In order to further observe the micromorphology of the aggregated protein structures formed upon lowering of the temperature, a diluted protein solution (2 w/v% in 30 v/v% acetic acid) was prepared and imaged through TEM and atomic force microscopy (AFM). Microstructure analysis revealed the presence of fibrillar structures with lengths of 100–200 nm and a diameter of 5–10 nm (Fig. 1b, d). By contrast, when the SPI solution was diluted prior to lowering the temperature, fibrillar structures were not observed (Supplementary Fig. 3), a finding which confirms that the self-assembly of protein fibrillar structures takes place through lowering of the temperature. It was further confirmed through TEM and AFM imaging that similar fibrillar aggregates are present in the hydrogel, where the hydrogel was heat-melted at 95 °C and subsequently diluted in 30 v/v% acetic acid for imaging (Fig. 1c and Supplementary Fig. 5).

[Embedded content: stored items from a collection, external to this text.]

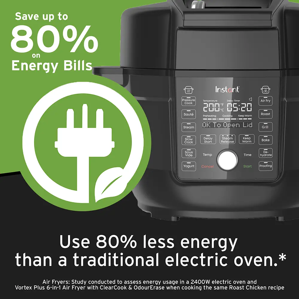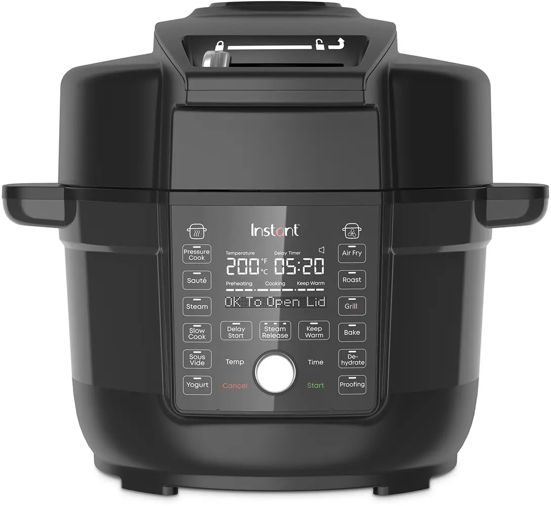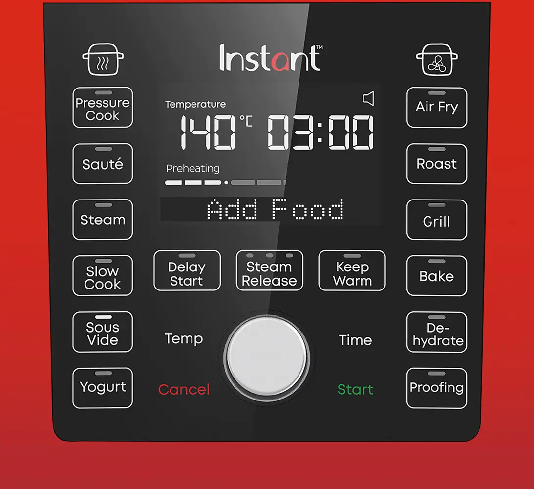 - 13-IN-1: Schnellkochtopf, Heißluftfritteuse, Schongarer, Dampfgarer, Sautierpfanne, Speisenwärmer, Bräter, Mini-Backofen, Grill, Dörrgerät, Joghurtbereiter, Sous-Vide und Brotaufgehen
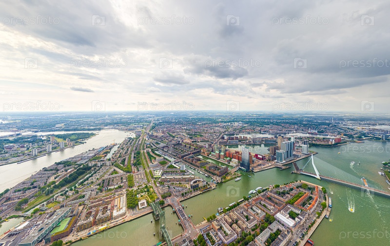 Роттердам, Нидерланды Панорама летнего города в дождливую погоду. Облака. Вид с воздуха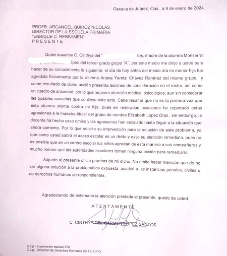 Oaxaca, Oaxaca, Sábado 13 de Enero, 2024 (Fuente: Agencias).- Una madre de familia denunció la omisión del director de la escuela primaria “Enrique C. Rébsamen”, Arcángel Quiroz Nicolás, quien no ha tomado acciones ante el bullying que sufre su hija en dicha institución.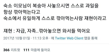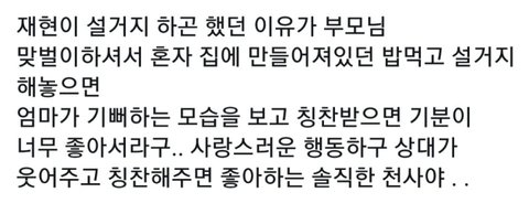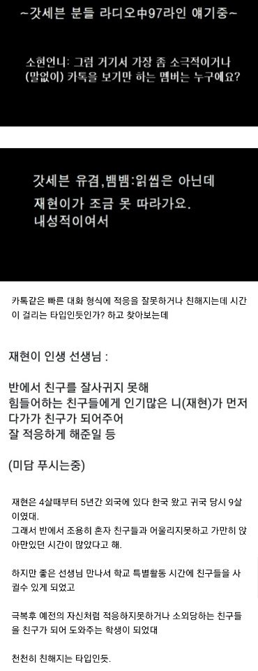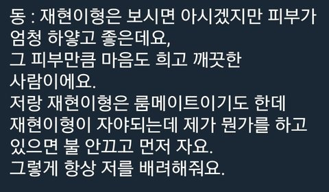 동갑 친구들이랑 하는 카톡에 재현이 성격이 내성적인 편이라 못따라갔대

To obtain spatially uniform films, glycerol was added as a plasticiser (30 w/w% to the total dry mass) after the sonication treatment and the solution was drop-cast onto a glass Petri dish. The petri dish was heated to 90 °C during the casting step, which allowed the uniform distribution of the protein solution on the substrate, and the subsequent formation of a thin hydrogel upon cooling down to room temperature. Finally, the cast hydrogel was allowed to dry at room temperature for 3 days, solidifying into a free-standing film. TEM observation of the dried protein solution revealed that significant quantities of nanocrystalline structures were formed, with overall dimensions of the order of ca. 5–10 nm, a value comparable to analogous structures found in silk. (Fig. 1g)41,42,43,44. Moreover, the constant spacing of ca. 3.5 Å found is consistent with β-sheet nanocrystals observed in silk structures and other protein-based films45,46,47,48.

The self-assembly process during the gelation of a SPI solution upon lowering the temperature from 90 to 20 °C was investigated through attenuated total reflectance Fourier-transform infrared spectroscopy (ATR-FTIR, Fig. 2a). The IR spectrum is characterized by the presence of the Amide I band of protein (1700–1600 cm−1), which arises from the vibration of the C=O stretching of the protein backbone, and it is strictly related to the protein secondary and quaternary structural contributions in our sample. The deconvolution and the quantification of the abundance of these structural contributions can be evaluated by calculating the second derivative of the Amide I band, and then integrating the area of the peaks related to the different secondary structural contributions in the spectrum, as previously shown in literature49,50,51. Just after the sonication treatment at 90 °C, the analysis of the IR spectra and their second derivatives showed that proteins possess a low content of intermolecular β-sheet structure and high content of random coil and α-helical secondary structure. Upon cooling down the sample to 20 °C, the content of intermolecular β-sheets gradually increased by 25% (Fig. 2a–c), as well as a significant shift of the Amide I band to lower wavenumbers, indicating the formation and increase of intermolecular hydrogen bonding.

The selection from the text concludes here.